The name of the rose by Umberto Eco
If you are driving from Turin to the west of the Alps, you may have discovered a majestic mountain peak, Sacra di San Michele. It was the Benedictine abbey that inspired Umberto Eco's first novel (published in 1980 and later filmed with Sean Connery and Christian Slater), even if for me it also reminded me of my spirit. Pomposa Abbey near Ferrara and hundreds of other medieval stacks. The best-selling and excellent academic writer transmits sculptures and frescoes through the way they amaze the mind of the young Adso. This mixture of history and mystery is an easy way to read in Eco's works, on love, learning and the search for meaning, while evoking the ancient world and the dramatic landscapes created by Italy. . Very good.
Donna Leon's Acqua Alta
With the bodies discovered in the canals, the piazzas and even the opera La Fenice, Venice by Commissario Guido Brunetti, a bit like Inspector Morse, Oxford, an incredibly attractive murder rate. All of the 29-year-old detective novels by Donna Leon are located in or near the city in which she has lived for decades and have a fiery fan base everywhere except Italy (they have never been translated into Italian). Lovers of La Serenissima in the place with few tourists will love this story which takes place in the dark weather of February, with the arrival of Ala (flood) in the city (as happened last fall ). ). With food even more important than life and death in Italy, the book opens openly with opera singer Flavia in her kitchen, slicing onions, garlic, tomatoes and two eggplants. fat.

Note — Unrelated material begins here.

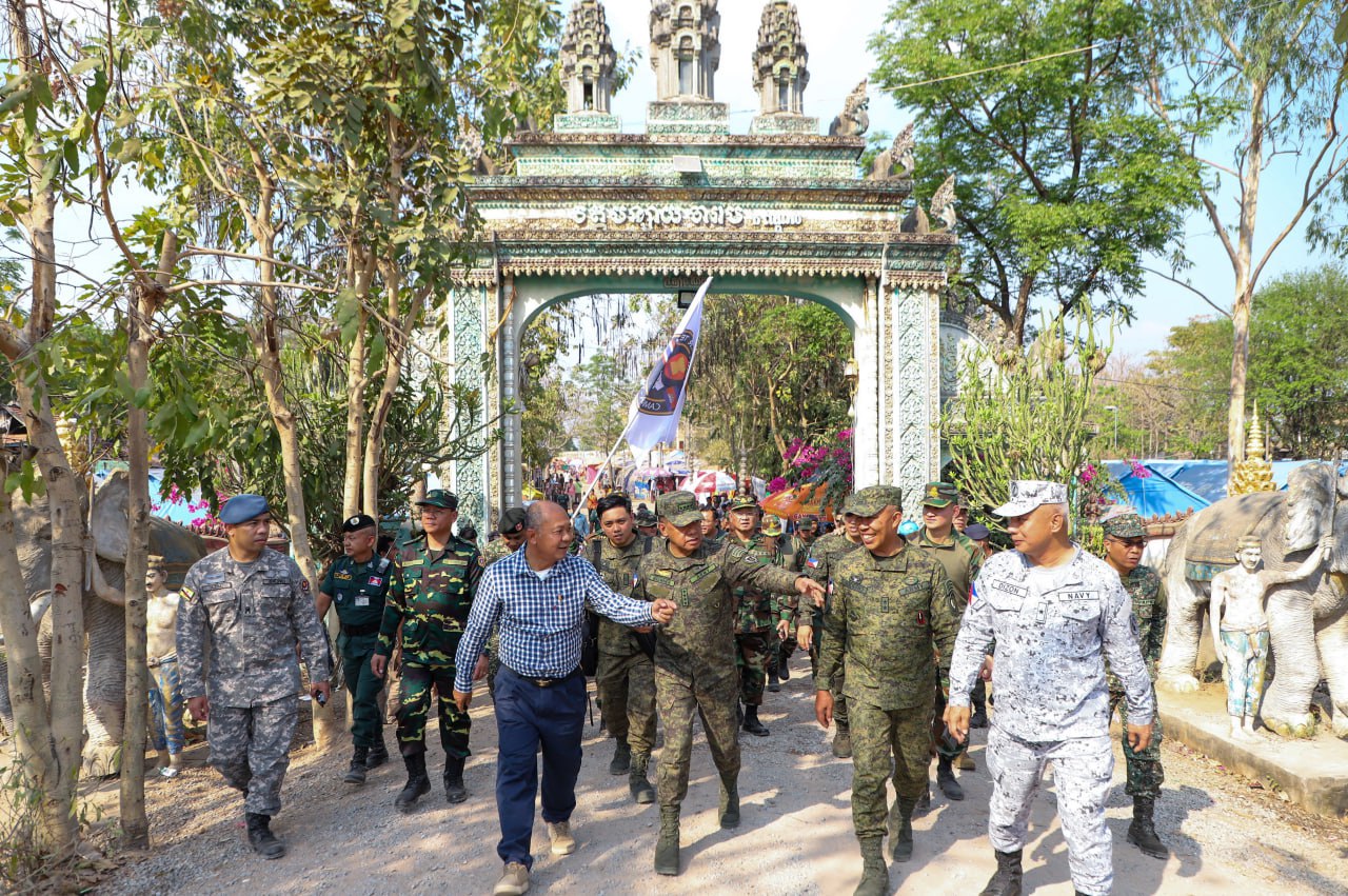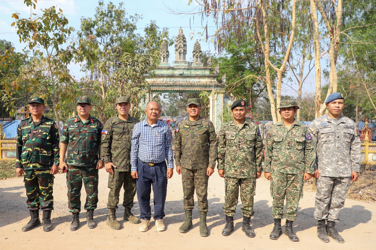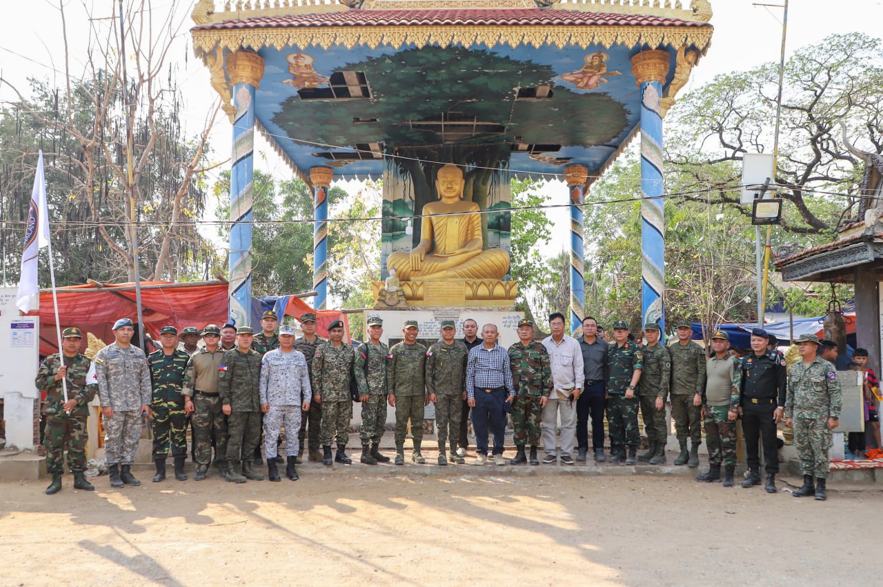 បន្ទាយមានជ័យៈ លោកជំទាវ ឧត្តមសេនីយ៍ឯក ម៉ាលី សុជាតា អ្នកនាំពាក្យក្រសួងការពារជាតិ នៃព្រះរាជាណាចក្រកម្ពុជា បានឱ្យដឹងថា នៅវេលាម៉ោង ១៤:៥៥នាទីរសៀល ថ្ងៃសុក្រ ទី១៣ ខែកុម្ភៈ ឆ្នាំ២០២៦ដដែលនោះ ក្រុមសម្របសម្រួល (CLG) នៃព្រះរាជាណាចក្រកម្ពុជា និងក្រុមអ្នកសង្កេតការណ៍អាស៊ាន (AOT) បានអមដំណើរគណៈប្រតិភូដឹកនាំដោយ លោក នាយឧត្តមសេនីយ៍ ROMEO S BRAWNER JR អគ្គមេបញ្ជាការ នៃកងទ័ពហ្វីលីពីន បានបន្តចុះសួរសុខទុកជនភៀសសឹកកម្ពុជា ដែលកំពុងបន្តរស់នៅជំរំក្នុងវត្តកណ្តោល ស្រុកថ្មពួក ខេត្តបន្ទាយមានជ័យ ដែលបច្ចុប្បន្នមានប្រជាជនសរុបចំនួន ១៥២០គ្រួសារ ស្មើនឹង ៥៧៣៥នាក់។

Deceived by Michael Dibdin
Umbria was called Tuscany just 20 years ago, but its capital, the underrated capital of Perugia, is still underestimated, despite budget flights to San Francesco airport in Assisi. The best-selling crime writer Dibdin lends himself to the city as a college English teacher in the 1980s and in that, his first Aurelio Zen novel, the surprising Venetian detective is sent to the city known for chocolates, Etruscans, fat painters, grammar, Foreigners University, and sportswear. I can recommend all of Dibdin 11's complex, satirical and sometimes surreal Zen books, because each one is placed in a different part of Italy: the great Vendetta in Sardinia, or A Long. the vineyards of the Piemonte region.